• ASSIGNED TASK:
In the entries below, find the line with "湛江市空氣質(zhì)量周報", then set it down exactly along with each line after it to the end, skipping any pictures.

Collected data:
▬▬▬
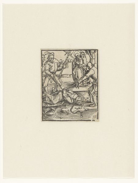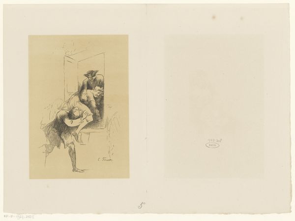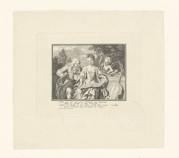Editor: Here we have "Boerenfamilie," or "Peasant Family," an etching by Andreas Scheits, created sometime between 1665 and 1735. There's a quiet intimacy to it, despite the rustic subject. The composition feels a bit... unbalanced, maybe? What do you see in this piece? Curator: Unbalanced is a fascinating word to use. It resonates. For me, this piece whispers of resilience, that quiet hum beneath the surface of everyday life. Scheits captures, with deceptively simple lines, a world where hardship and tenderness intertwine. Do you notice how the mother, with her heavy load, seems to stand apart, almost as if caught between two worlds? Editor: I do now that you point it out. She's separated, but still very much a part of the scene. What about the father figure? Curator: He anchors the scene. Look at the way he cradles the child; there is an inherent grace in his gesture, isn’t there? And yet, observe his weathered face, those deeply etched lines speaking volumes. Consider what the artist might be suggesting by placing the two adults slightly apart: one entering the home and domestic scene, while the other sits safely near to its dwelling. Are they reflections of societal expectations, a gentle commentary on gender roles in the 17th century? Editor: It could be. I hadn't thought about that dynamic at all! I was too busy looking at the figures individually. Curator: That's the beauty of art, isn’t it? We bring our own experiences and perspectives to the table, and each encounter offers a new interpretation. It's not about finding the "right" answer, but about engaging in a dialogue with the artwork, with the artist, and, ultimately, with ourselves. I find my understanding deepened with your interpretation as well! Editor: Absolutely. Seeing the interplay of figures changes everything!
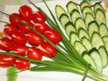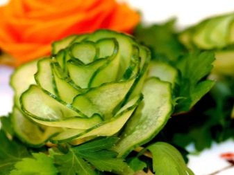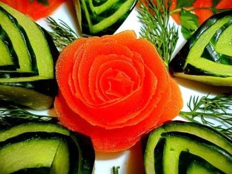 Salah satu cara yang paling popular untuk menghiasi hidangan adalah untuk menghiasi dengan bunga yang dilipat dari kepingan sayuran. Pisau dengan pisau sempit perlu memotong sayur-sayuran ke dalam plat nipis.Teras bunga terbentuk dari satu pinggir diameter kecil yang dipintal ke dalam tiub. Dari baki sayuran yang dihiris nipis, anda perlu membuat kelopak.
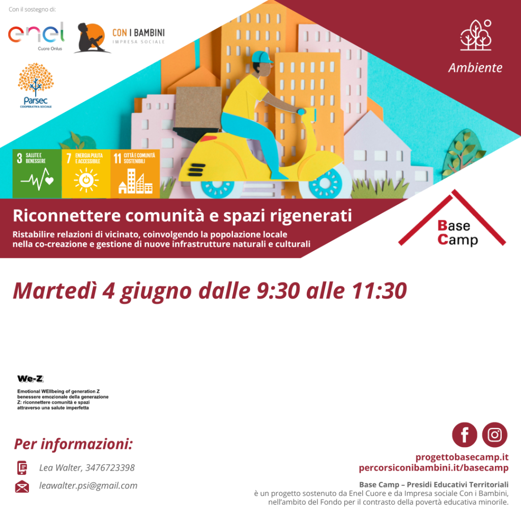 Un invito speciale per tutti coloro che desiderano essere protagonisti nella trasformazione e nella rigenerazione del proprio quartiere. In collaborazione con il progetto europeo We-Z, dedicato alla promozione di relazioni inclusive e al ristabilire dei legami comunitari, Base Camp Roma presenta un evento emozionante e coinvolgente. Base Camp sarà il fulcro di un’iniziativa volta a riaccendere il senso di vicinato e a coinvolgere attivamente la popolazione locale nella co-creazione e gestione di nuove infrastrutture naturali e culturali.
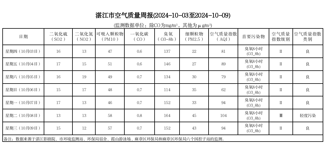 湛江市空氣質(zhì)量周報(bào)(2024-10-03至2024-10-09)
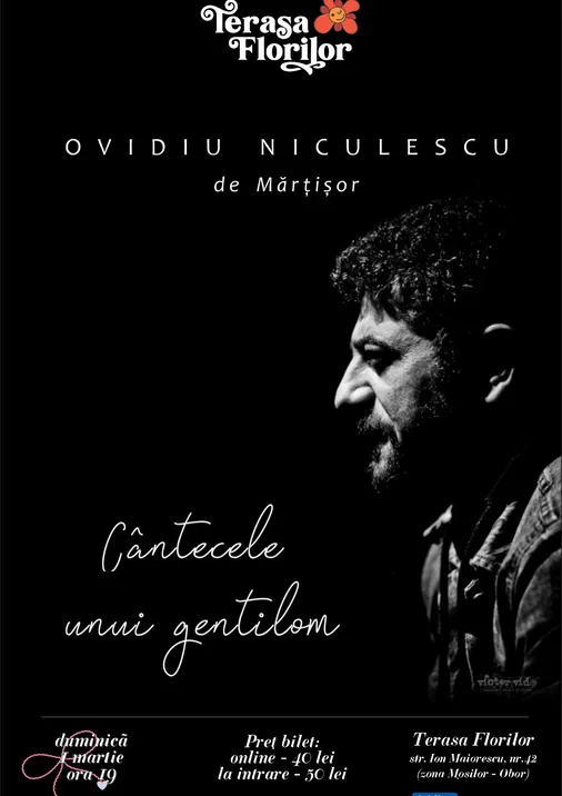 Duminică, de Mărțișor, avem bucuria să vă invităm la super-concertul lui OVIDIU NICULESCU, solist și textier al îndrăgitei trupe White Mahala, concert denumit "Cântecele unui gentilom", după numele viitorului album al artistului.
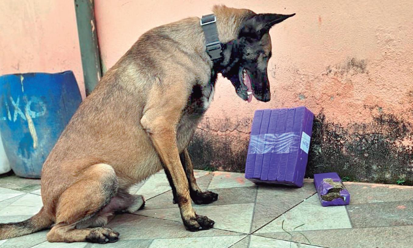 Um dos agentes caninos da PM ao lado de drogas que ajudou a localizar
▬▬▬
• TASK SOLUTION:
 湛江市空氣質(zhì)量周報(bào)(2024-10-03至2024-10-09)
 Duminică, de Mărțișor, avem bucuria să vă invităm la super-concertul lui OVIDIU NICULESCU, solist și textier al îndrăgitei trupe White Mahala, concert denumit "Cântecele unui gentilom", după numele viitorului album al artistului.
 Um dos agentes caninos da PM ao lado de drogas que ajudou a localizar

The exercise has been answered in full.